So I decided I would follow the advice of Raschel and make a pros and cons list about going private. This way not only I would see what I'm debating between, but you too will see my issues and may be able to help me figure out what to do.
PROS in going private
1. First and foremost, SAFETY. As most of you may already know, it is inevitable that Austin will be deployed before this year is up. I would feel very nervous about announcing to the entire blog reading nation about my husband being gone for 7 months while I sit at home ALONE with my four children. Not only this, but very soon he will be gone for his schooling in Rhode Island. Same situation with that. I want to be able to whine on here about missing him if needs be and not worry about some crazy man (or woman) preying on my loneliness.
2. Hmmm...that's really the only pro.
CONS in going private
1. Certain "secret" visitors would not be visiting anymore. So I know I'm pretty much contradicting myself but some of those "secret" visitors are too hush hush to even let me know they are there (even though 'I' know you're there *wink*) and I LIKE them being secretly there (as long as they aren't drawing diagrams of my floor plan and making mental notes about dates and times I'm alone). I don't want to lose those visitors.
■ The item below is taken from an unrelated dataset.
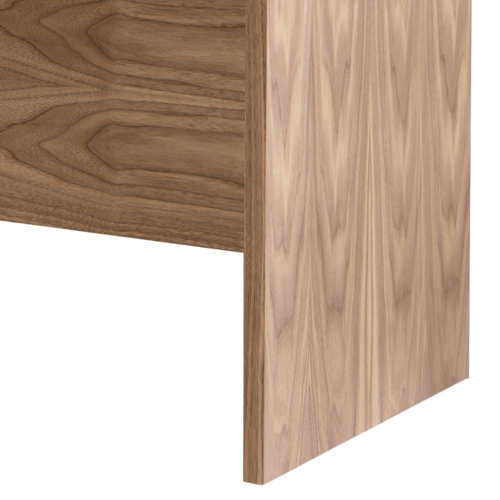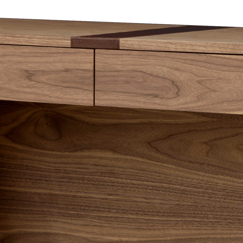 Fabricat din placaj curbat furniruit in nuc canaletto cu insertii frontale din piele naturala.

2. Logging on issues. Some of my visitors that aren't afraid to say hello, don't say hello because they can't quite figure out the whole google account thing. Not that there's anything wrong with that, I just don't wanna lose you because it takes too much brain function to figure out how to create an account. I love you my google-retards and I don't wanna close the door to our relationship.
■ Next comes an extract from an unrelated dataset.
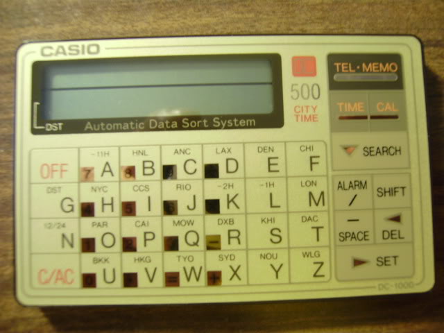 The Casio DC500 CITY TIME is an arithmetic calculator with 8 digits precision and algebraic logic. It has 4 functions, 44 keys and an LCD (liquid crystal) display.
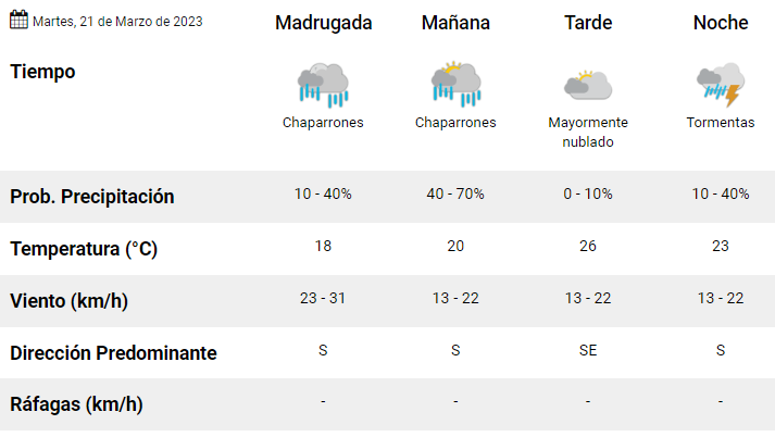 Se espera que los chaparrones aislados se hagan presentes desde las primeras horas del día, con aumento en la probabilidad en la mañana.

3. Comments. I love em. You know this, I say it all the time. I LOVE COMMENTS!! They make my day, my week, my hour. I seriously sit at the computer all day clicking "refresh", "refresh", "refresh" just waiting for a new comment. No, but really...I do. I worry that going private will limit my comments because people will find visiting me too much of a hassle. Then my self esteem will slowly drop, I may go into a deep depression and quit blogging all together.
4. Unsafe. Back to the pro of going private...it creates a CON for not going private. I don't think I really need to go over this again..you know the problem.
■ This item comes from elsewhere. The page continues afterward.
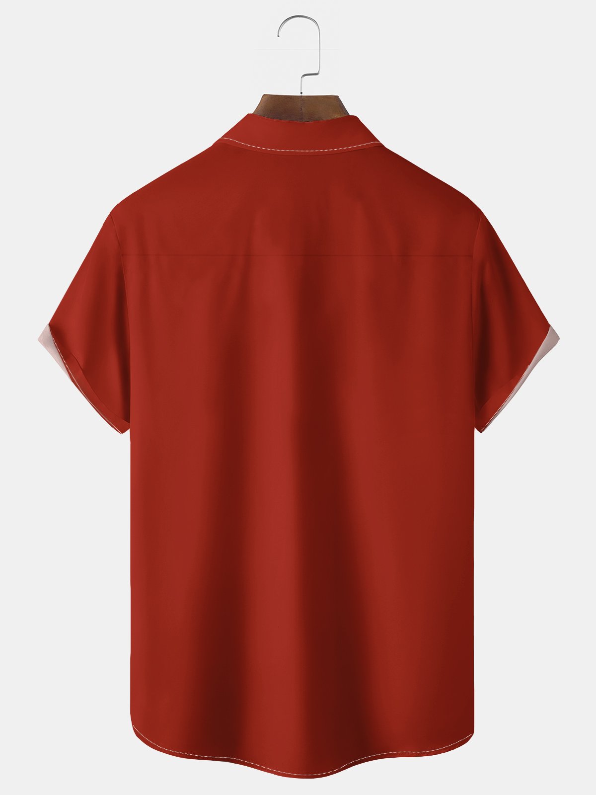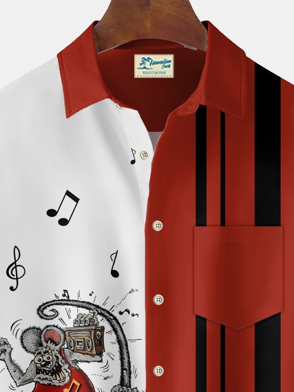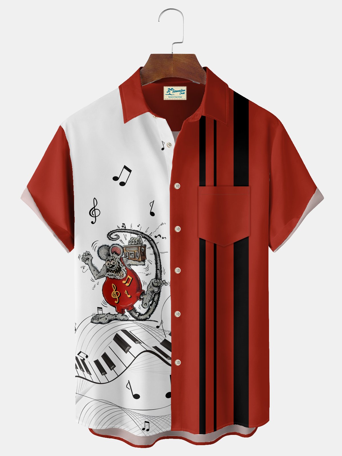 Alohadaddy Vintage Bowling Men's Music Cartoon Print Chest Pocket Shirt Big Tall

5. Loss of blog hoppers. One of my favorite things about blogs is that you can hop from one to another to another until you find a blog you love and continue to visit it to make you smile and laugh. With a closed blog no hoppers from other blogs will be able to hop to mine which means the amount of visitors I have right now will NEVER grow. I will either stay at this amount or slightly diminish which makes me sad. You have no idea how many people I've met through my blog hoppers and how many friendships have been created because of them. I don't know if I'm willing to lose future fun friends. But then again, if I'm murdered on the side of the road I guess future friends won't matter, right?
So that's that. Any advice? Suggestions? I guess what I really have to say is that I do NOT want to go private. But I fear that not going private and allowing something to happen to my family will forever haunt me. So what can I do to be safe, but also be open? Thank you friends!